/---

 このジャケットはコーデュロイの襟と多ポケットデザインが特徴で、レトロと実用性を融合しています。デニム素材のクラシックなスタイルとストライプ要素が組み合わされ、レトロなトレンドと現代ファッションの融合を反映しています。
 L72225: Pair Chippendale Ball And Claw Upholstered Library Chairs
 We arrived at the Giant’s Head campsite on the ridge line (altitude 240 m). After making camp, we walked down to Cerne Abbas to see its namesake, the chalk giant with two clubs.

\---
/---

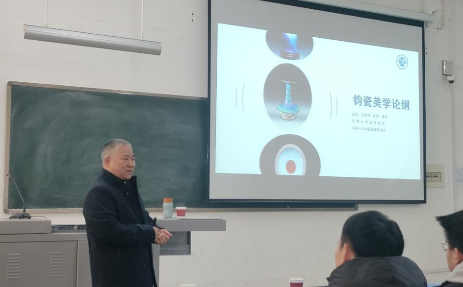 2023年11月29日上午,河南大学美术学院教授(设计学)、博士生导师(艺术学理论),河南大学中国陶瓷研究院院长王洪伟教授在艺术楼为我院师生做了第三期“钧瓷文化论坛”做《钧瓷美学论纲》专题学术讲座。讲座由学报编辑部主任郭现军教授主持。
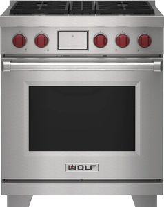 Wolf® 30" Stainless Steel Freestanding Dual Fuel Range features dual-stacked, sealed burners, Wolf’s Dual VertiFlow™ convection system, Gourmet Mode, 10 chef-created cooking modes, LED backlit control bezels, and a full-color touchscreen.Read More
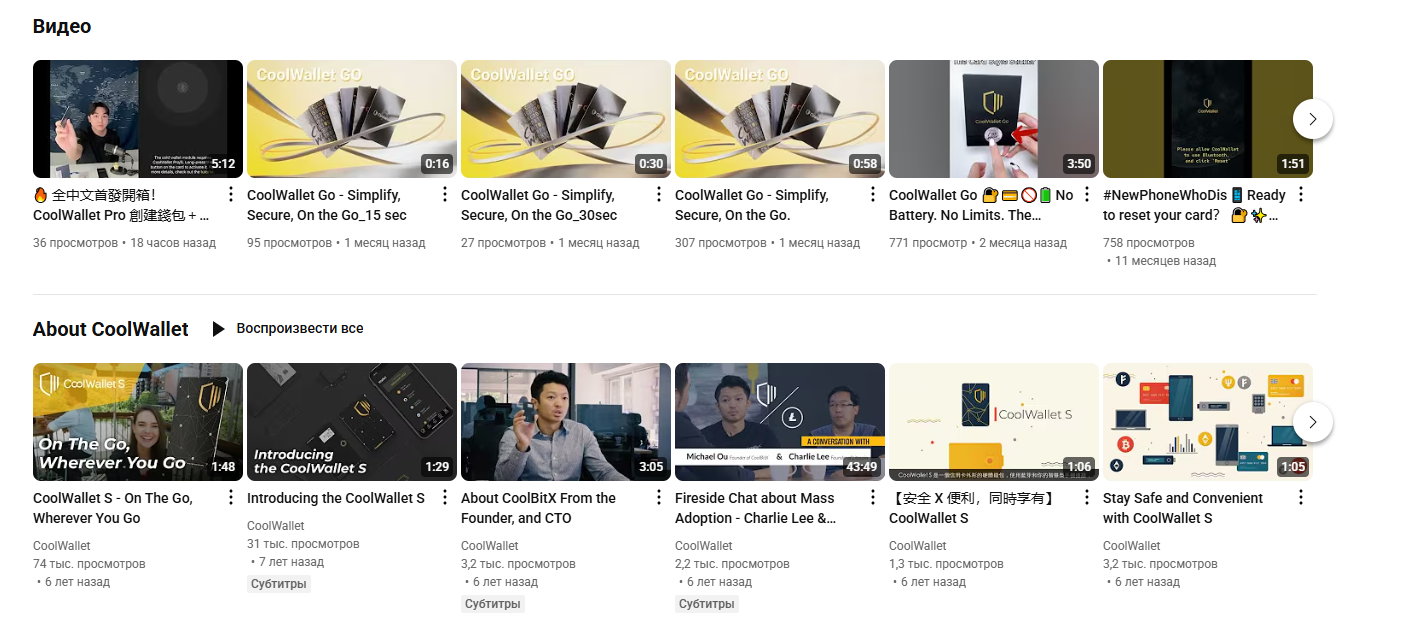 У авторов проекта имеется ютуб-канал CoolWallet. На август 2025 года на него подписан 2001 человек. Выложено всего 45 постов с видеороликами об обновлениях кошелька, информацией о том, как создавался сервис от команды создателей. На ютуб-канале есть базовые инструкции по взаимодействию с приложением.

\---

**Problem requirements**
Taking the entries above, write out exactly each line from the one holding "L72225: Pair Chippendale" to the one holding "We arrived at", both included, and stop there.

**Reply to the exercise**
 L72225: Pair Chippendale Ball And Claw Upholstered Library Chairs
 We arrived at the Giant’s Head campsite on the ridge line (altitude 240 m). After making camp, we walked down to Cerne Abbas to see its namesake, the chalk giant with two clubs.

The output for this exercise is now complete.